[Stored records]

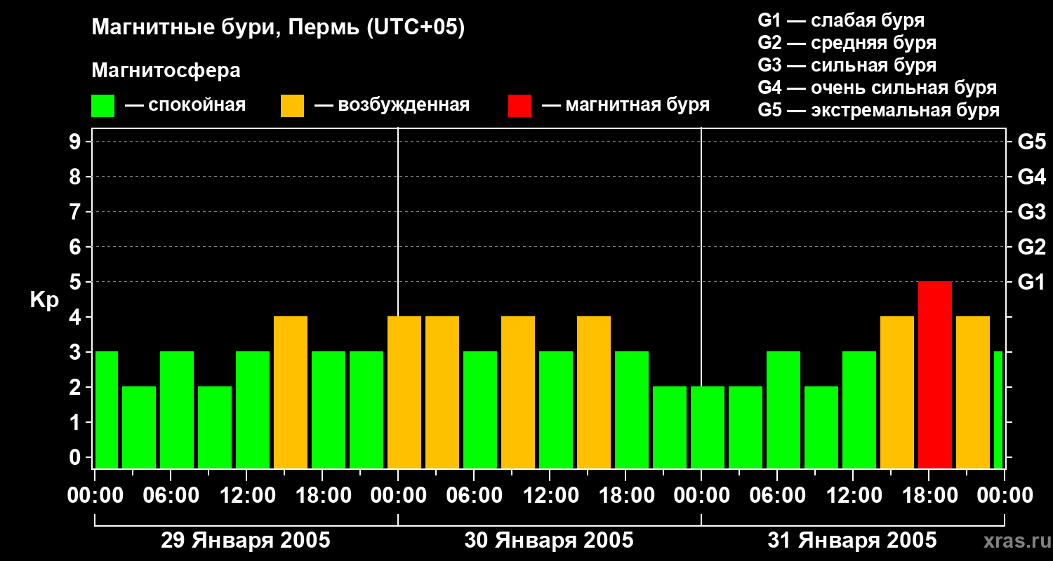Изменения геомагнитного индекса Kp с 29 по 31 января 2005 года для средних широт
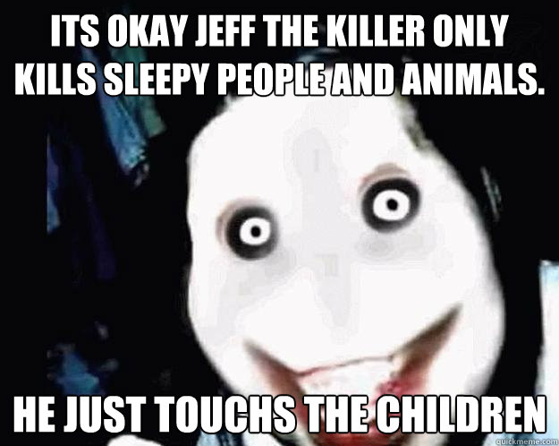 Its okay jeff the killer only kills sleepy people and animals. He just touchs the children
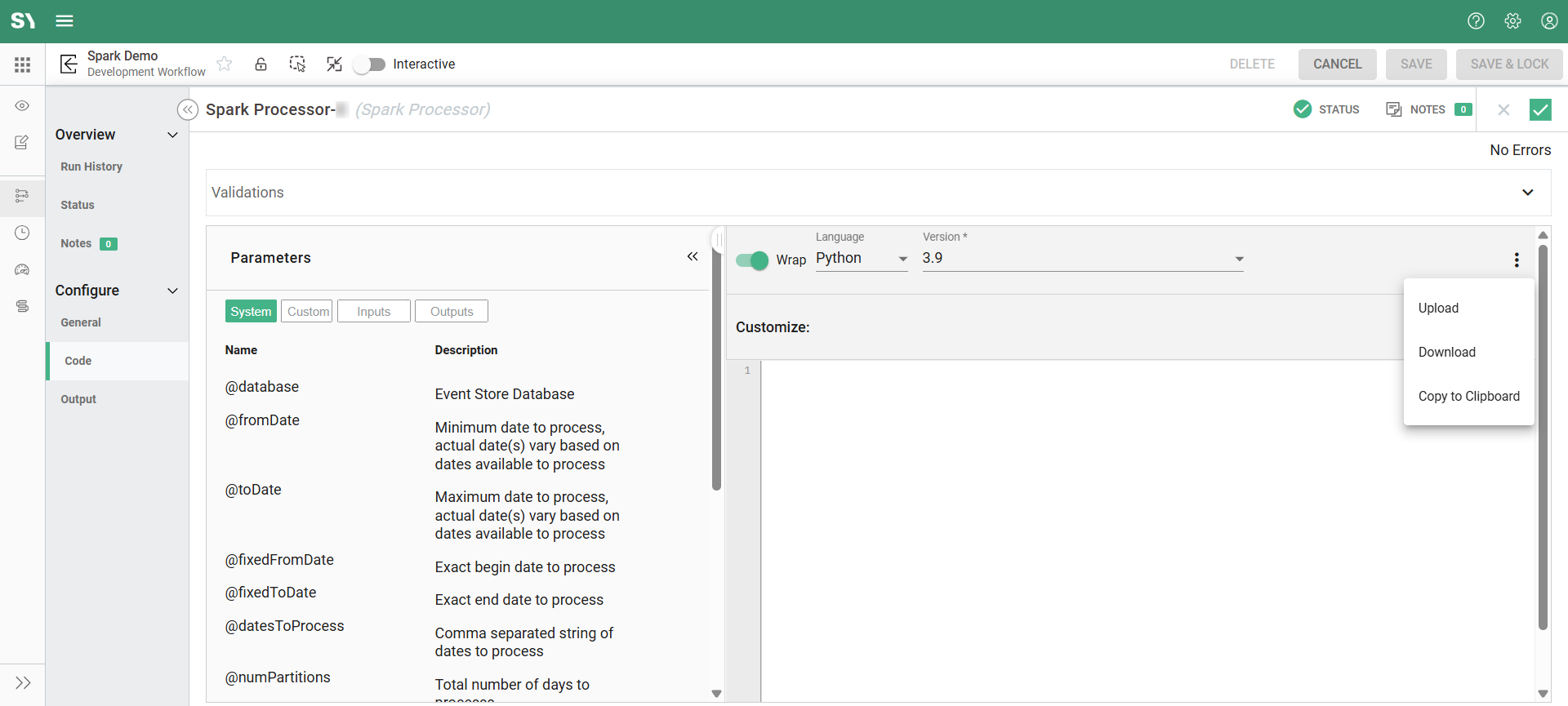 @InputTable1,@OutputTable1, and custom variables directly in your code. These parameters dynamically link to datasets or configuration values defined within the processor. - Upload Code: Allows you to upload a code file (for example,
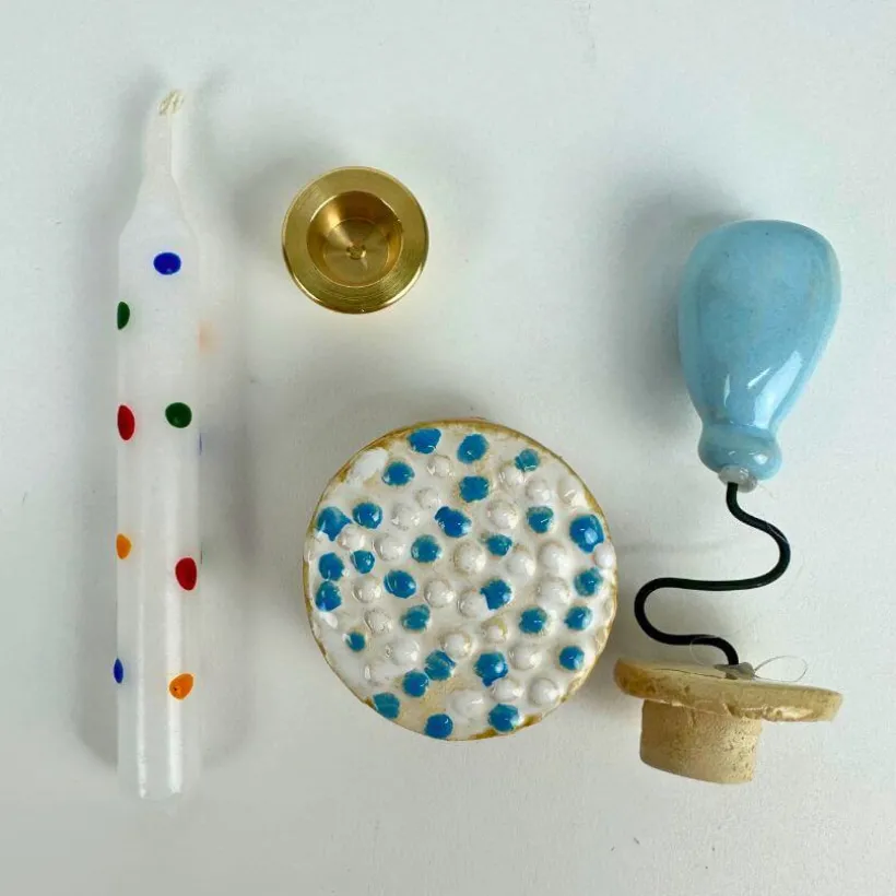 De 4-delige set bestaat uit 2 handgemaakte stekers van keramiek (ballon blauw en beschuit met blauwe muisjes), een confetti kaarsje en een messing kaarshouder.
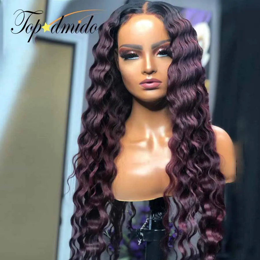 TOPODMIDO Deep Wave 13x 4, передние человеческие волосы со шнуровкой, искусственные волосы с эффектом омбре 99J, бразильские волосы без повреждений, передние парики на шнуровке для женщин
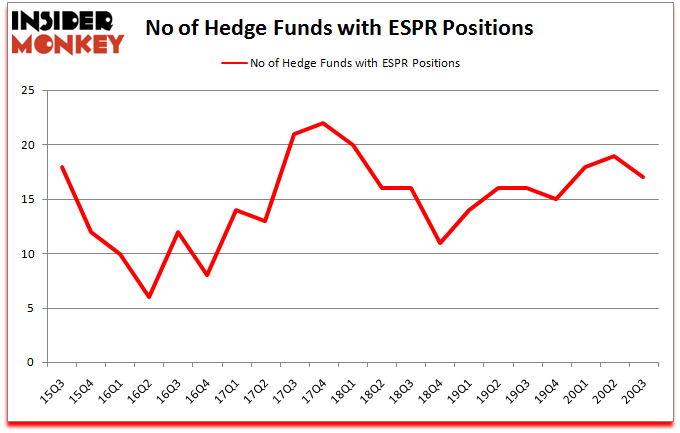 Heading into the fourth quarter of 2020, a total of 17 of the hedge funds tracked by Insider Monkey held long positions in this stock, a change of -11% from the previous quarter. By comparison, 16 hedge funds held shares or bullish call options in ESPR a year ago. So, let’s examine which hedge funds were among the top holders of the stock and which hedge funds were making big moves.
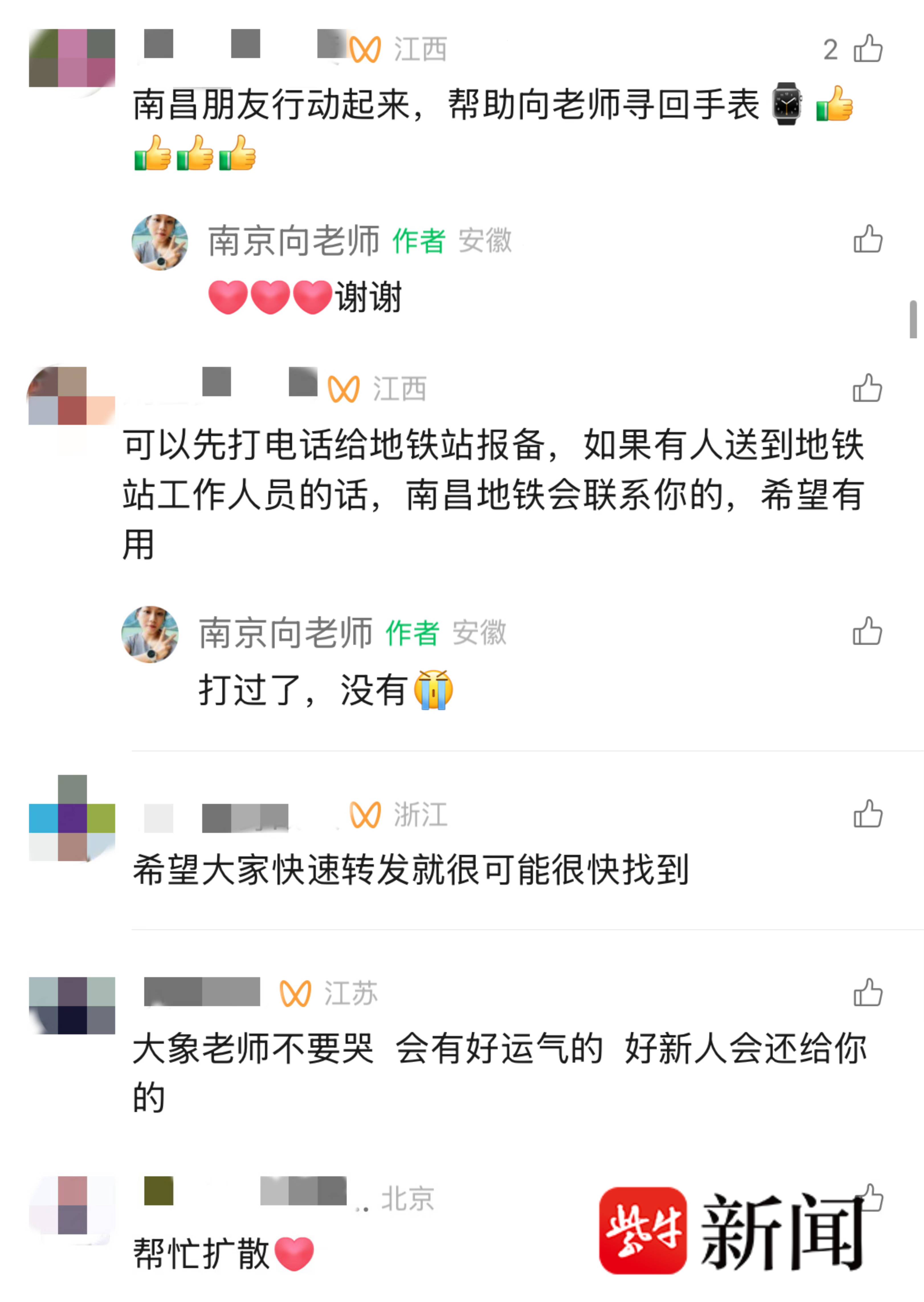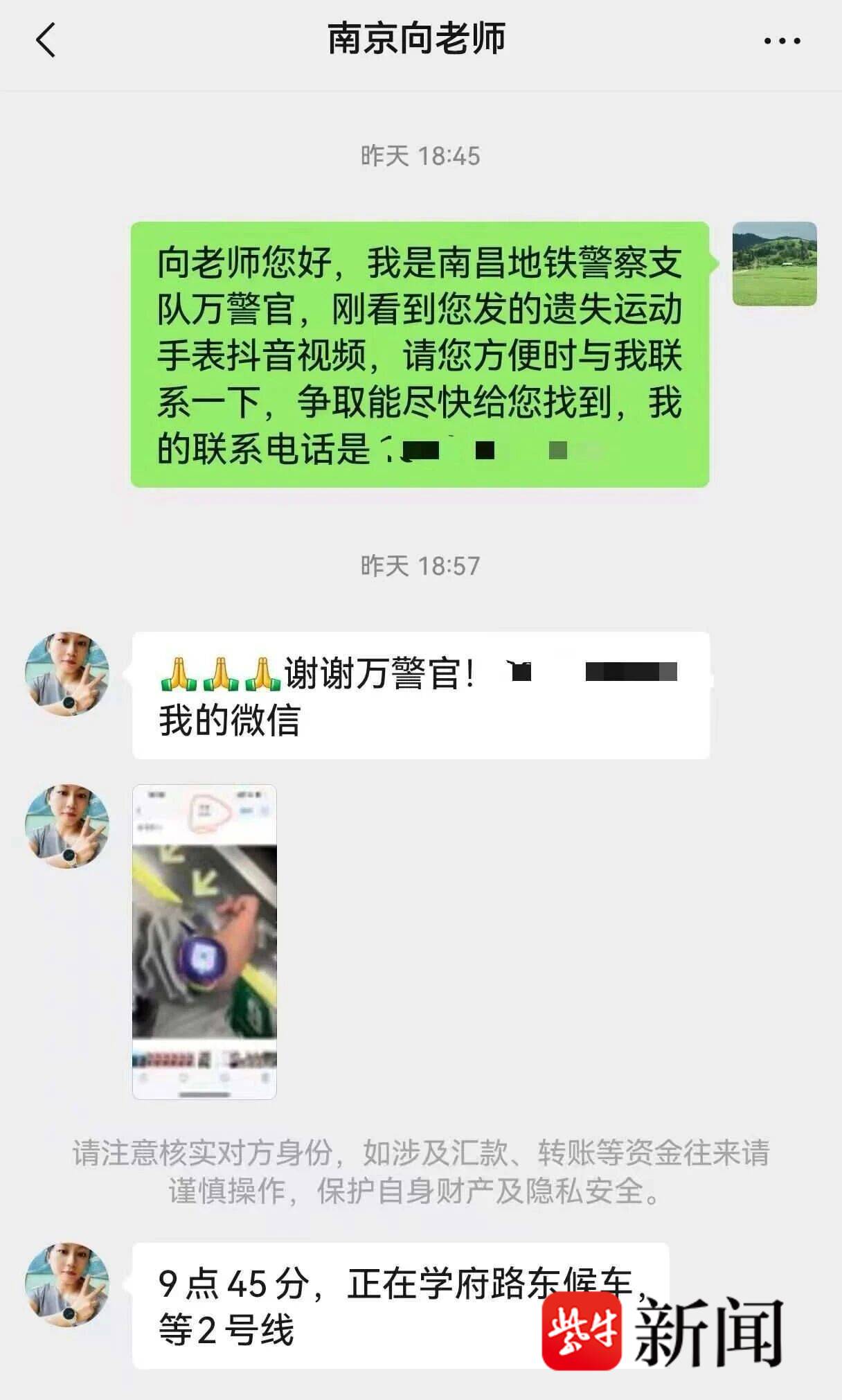 “当晚在南昌到南京的高铁上,我就看到微信视频后台有地铁警官的留言,让我及时联系他。”突如其来的回应让濒临失望的向先重燃希望,她立刻将自己乘坐地铁的时间、手表特征等信息告知地铁警方,配合排查工作。

*Task prompt*
Transcribe, without alteration, each line from the one with "De 4-delige set" through the last line of the data; no pictures belong in the copy.

*Expected output*
 De 4-delige set bestaat uit 2 handgemaakte stekers van keramiek (ballon blauw en beschuit met blauwe muisjes), een confetti kaarsje en een messing kaarshouder.
 TOPODMIDO Deep Wave 13x 4, передние человеческие волосы со шнуровкой, искусственные волосы с эффектом омбре 99J, бразильские волосы без повреждений, передние парики на шнуровке для женщин
 Heading into the fourth quarter of 2020, a total of 17 of the hedge funds tracked by Insider Monkey held long positions in this stock, a change of -11% from the previous quarter. By comparison, 16 hedge funds held shares or bullish call options in ESPR a year ago. So, let’s examine which hedge funds were among the top holders of the stock and which hedge funds were making big moves.
 “当晚在南昌到南京的高铁上,我就看到微信视频后台有地铁警官的留言,让我及时联系他。”突如其来的回应让濒临失望的向先重燃希望,她立刻将自己乘坐地铁的时间、手表特征等信息告知地铁警方,配合排查工作。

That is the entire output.